Each entry must come back word for word; drop the images as you go.

Supplied material Block Start

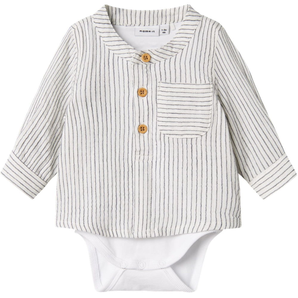 Upptäck vår Name It Navy Blazer Fedanne Skjorta Body som ger en elegant och klassisk beröring till ditt barns outfit. Denna skjorta body är tillverkad i ett vävt tyg med ett unikt korsmönster och en lätt strukturerad yta, vilket gör den utmärkt för såväl finare sammankomster som lekfulla dagar. Med långa ärmar och en skjortkrage kombinerar bodyn formalitet med bekvämlighet. Tryckknappsstängning fram gör det lätt att klä på och av. Den normala passformen ger rörelsefrihet medan trycket över hela ytan och den diskreta bröstfickan lägger till stilfulla detaljer. Sköt om den enkelt genom vanlig maskintvätt – en perfekt tillägg till varje barns garderob för både vår och sommar.
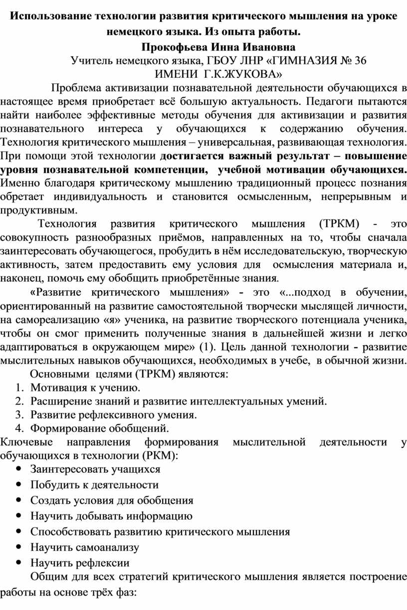 Я применяю технологию «Развитие критического мышления» на средней и старшей ступени обучения немецкому языку. На своих уроках я использую методические приёмы, формирующие критическое мышление: кластер, мозговой штурм, синквейн, таблицу «ich weiß/ ich will wissen/ ich habe erfahren, инсерт, 5-«w» и т.д. Эти приёмы позволяют организовать учебно-познавательную деятельность обучающихся, способствуют развитию мыслительных операций (анализ, синтез, классификация, обобщение, сравнение, аналогия).
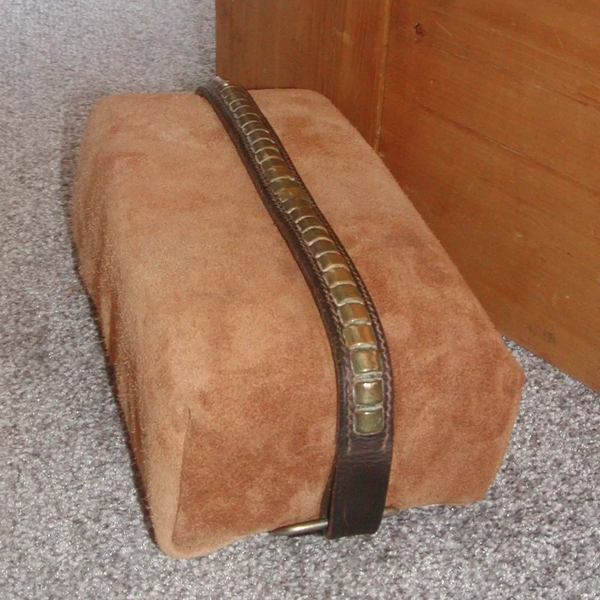 Door stop , brick covered in reclaimed leather with horse leather brow band SOLD
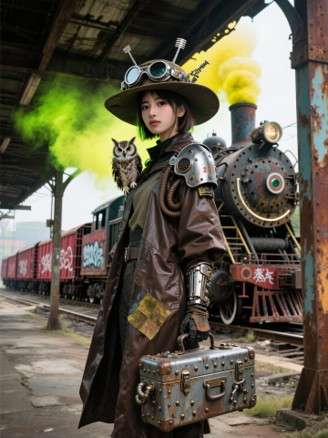 复古工业风蒸汽波,金属质感机能装,蒸汽火车背景,未来与过去的碰撞。
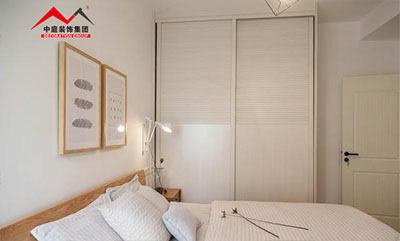 現(xiàn)場(chǎng)訂制的衣柜與房間的大小剛剛合適,推拉式的柜門節(jié)省了不少空間。
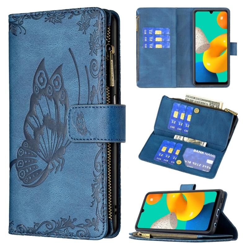 Για Samsung Galaxy M32 Flying πεταλούδα ανάγλυφο μοτίβο φερμουάρ οριζόντια Flip δερμάτινη θήκη με κάτοχο & υποδοχές για κάρτες & πορτοφόλι (μπλε)
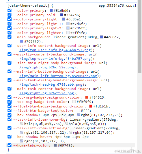 window.document.documentElement.setAttribute('data-theme', 'default')data-theme 会注入到全局的变量上,所以我们可以在任何地方获取定义的 css 变量
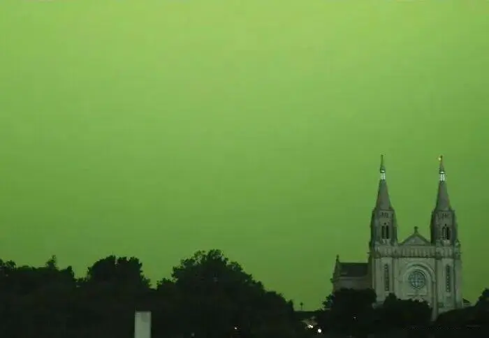 15、绿色的天外,这幅图片并莫得经由罕主见决,之是以出现这种情况,是由蓝光(来自雨水、冰雹和悬浮水)和黄光(来自低空的太阳)共同作用酿成的。
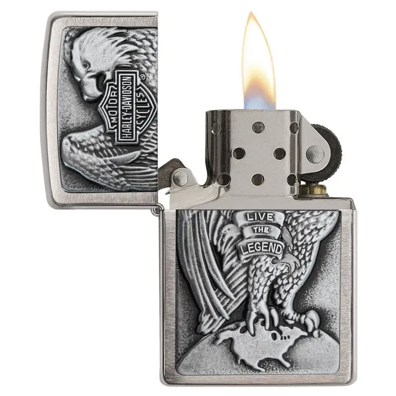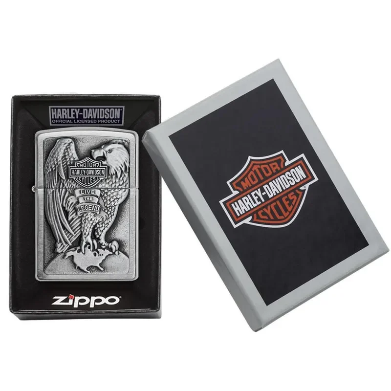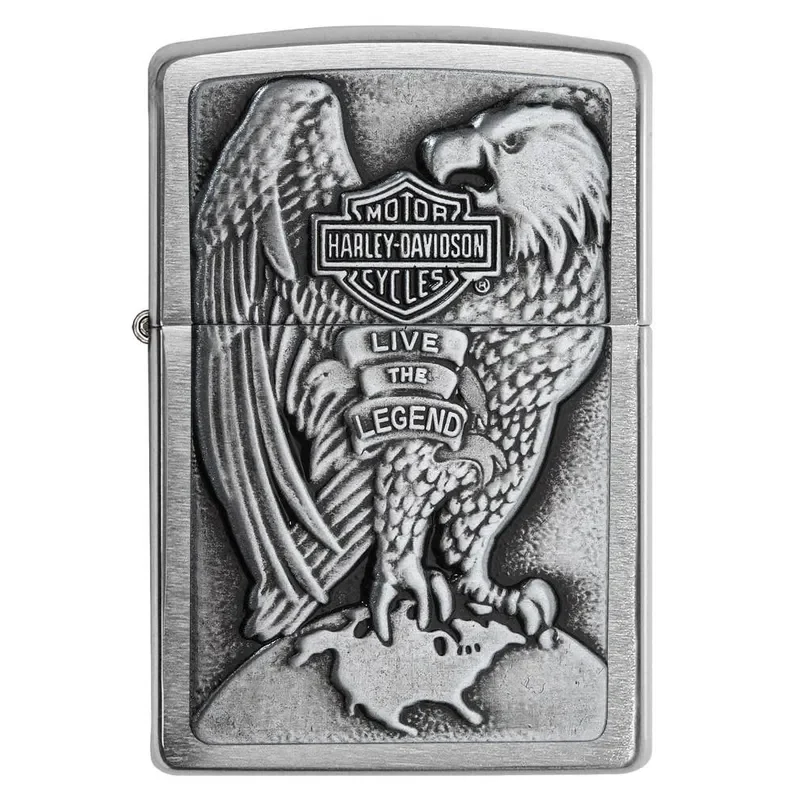 This High Polish Chrome lighter has a Harley-Davidson emblem attached. Comes packaged in a gift box. For optimal performance, fill with Zippo lighter fuel.
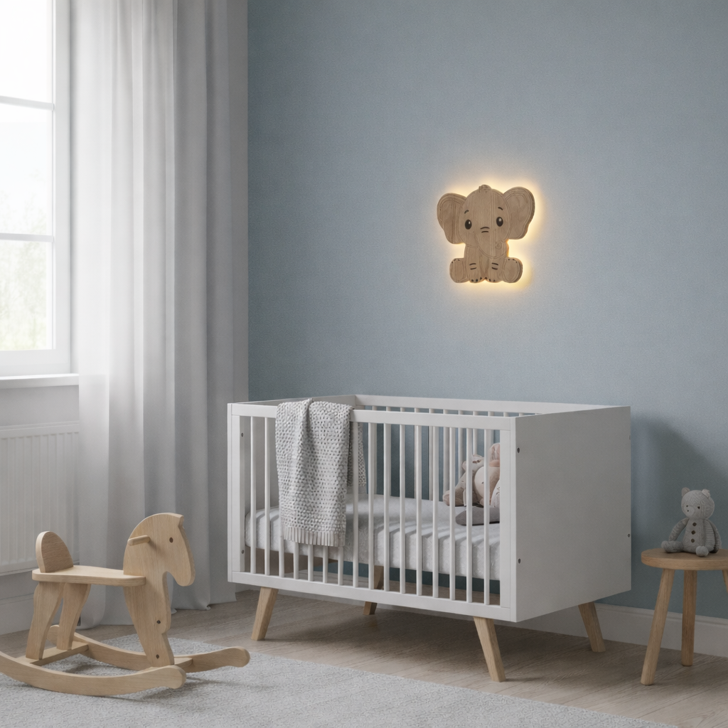 Skap en rolig og trygg atmosfære på barnerommet med vår barnelampe i vakker eik, designet med fokus på både estetikk, funksjonalitet og personlighet.
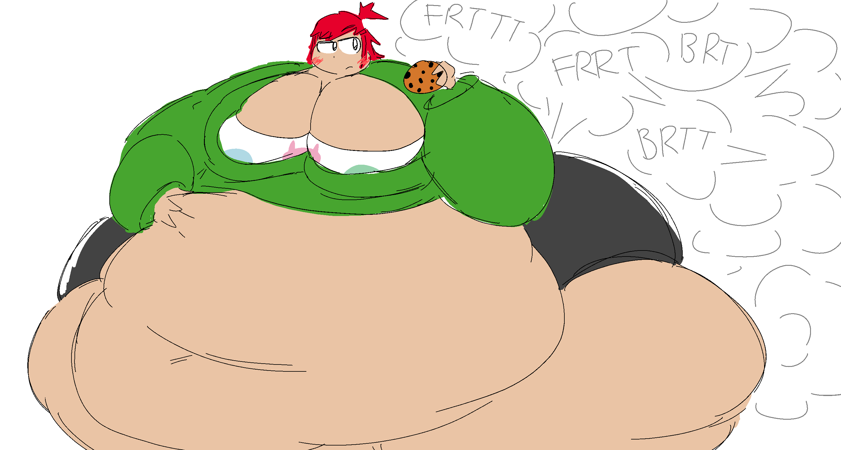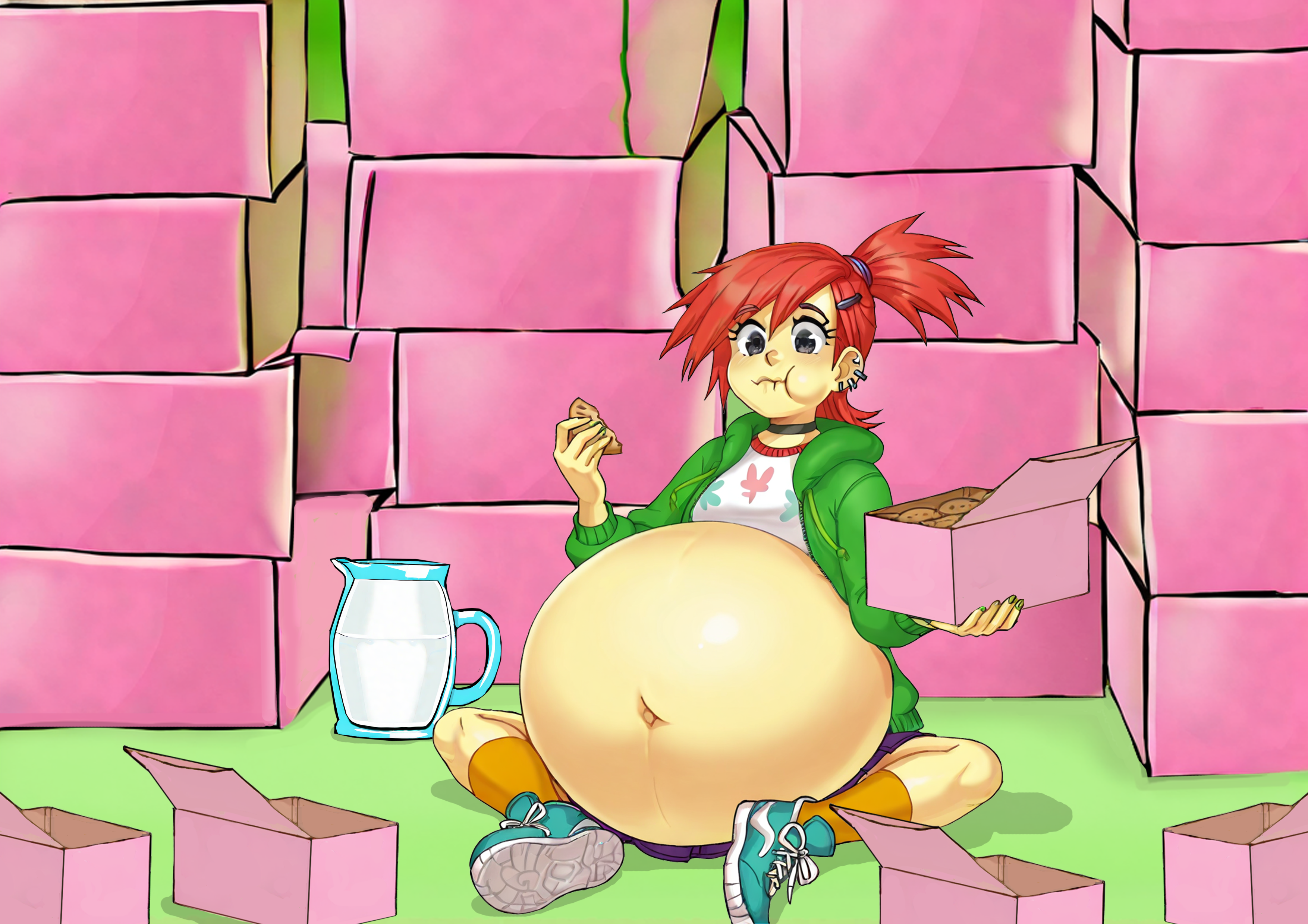 Wouldn’t shock me if she ended up drowning her sorrows with more milk once the cookies ran out. And yeah there’s no doubt in my mind that she ends up gaining a decent amount of weight after one of these binges in general. So if it was a year round kind of deal. Well good ol’ Frankie would be more fat than a whale I’d wager. Also you can never go wrong with a gassy fatty. Because they’re pretty damn hot.
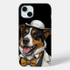 Fun Australian shepherd dog in three-piece costume and bowler hat.

Supplied material Block End

#### Solution to this problem
 Upptäck vår Name It Navy Blazer Fedanne Skjorta Body som ger en elegant och klassisk beröring till ditt barns outfit. Denna skjorta body är tillverkad i ett vävt tyg med ett unikt korsmönster och en lätt strukturerad yta, vilket gör den utmärkt för såväl finare sammankomster som lekfulla dagar. Med långa ärmar och en skjortkrage kombinerar bodyn formalitet med bekvämlighet. Tryckknappsstängning fram gör det lätt att klä på och av. Den normala passformen ger rörelsefrihet medan trycket över hela ytan och den diskreta bröstfickan lägger till stilfulla detaljer. Sköt om den enkelt genom vanlig maskintvätt – en perfekt tillägg till varje barns garderob för både vår och sommar.
 Я применяю технологию «Развитие критического мышления» на средней и старшей ступени обучения немецкому языку. На своих уроках я использую методические приёмы, формирующие критическое мышление: кластер, мозговой штурм, синквейн, таблицу «ich weiß/ ich will wissen/ ich habe erfahren, инсерт, 5-«w» и т.д. Эти приёмы позволяют организовать учебно-познавательную деятельность обучающихся, способствуют развитию мыслительных операций (анализ, синтез, классификация, обобщение, сравнение, аналогия).
 Door stop , brick covered in reclaimed leather with horse leather brow band SOLD
 复古工业风蒸汽波,金属质感机能装,蒸汽火车背景,未来与过去的碰撞。
 現(xiàn)場(chǎng)訂制的衣柜與房間的大小剛剛合適,推拉式的柜門節(jié)省了不少空間。
 Για Samsung Galaxy M32 Flying πεταλούδα ανάγλυφο μοτίβο φερμουάρ οριζόντια Flip δερμάτινη θήκη με κάτοχο & υποδοχές για κάρτες & πορτοφόλι (μπλε)
 window.document.documentElement.setAttribute('data-theme', 'default')data-theme 会注入到全局的变量上,所以我们可以在任何地方获取定义的 css 变量
 15、绿色的天外,这幅图片并莫得经由罕主见决,之是以出现这种情况,是由蓝光(来自雨水、冰雹和悬浮水)和黄光(来自低空的太阳)共同作用酿成的。
 This High Polish Chrome lighter has a Harley-Davidson emblem attached. Comes packaged in a gift box. For optimal performance, fill with Zippo lighter fuel.
 Skap en rolig og trygg atmosfære på barnerommet med vår barnelampe i vakker eik, designet med fokus på både estetikk, funksjonalitet og personlighet.
 Wouldn’t shock me if she ended up drowning her sorrows with more milk once the cookies ran out. And yeah there’s no doubt in my mind that she ends up gaining a decent amount of weight after one of these binges in general. So if it was a year round kind of deal. Well good ol’ Frankie would be more fat than a whale I’d wager. Also you can never go wrong with a gassy fatty. Because they’re pretty damn hot.
 Fun Australian shepherd dog in three-piece costume and bowler hat.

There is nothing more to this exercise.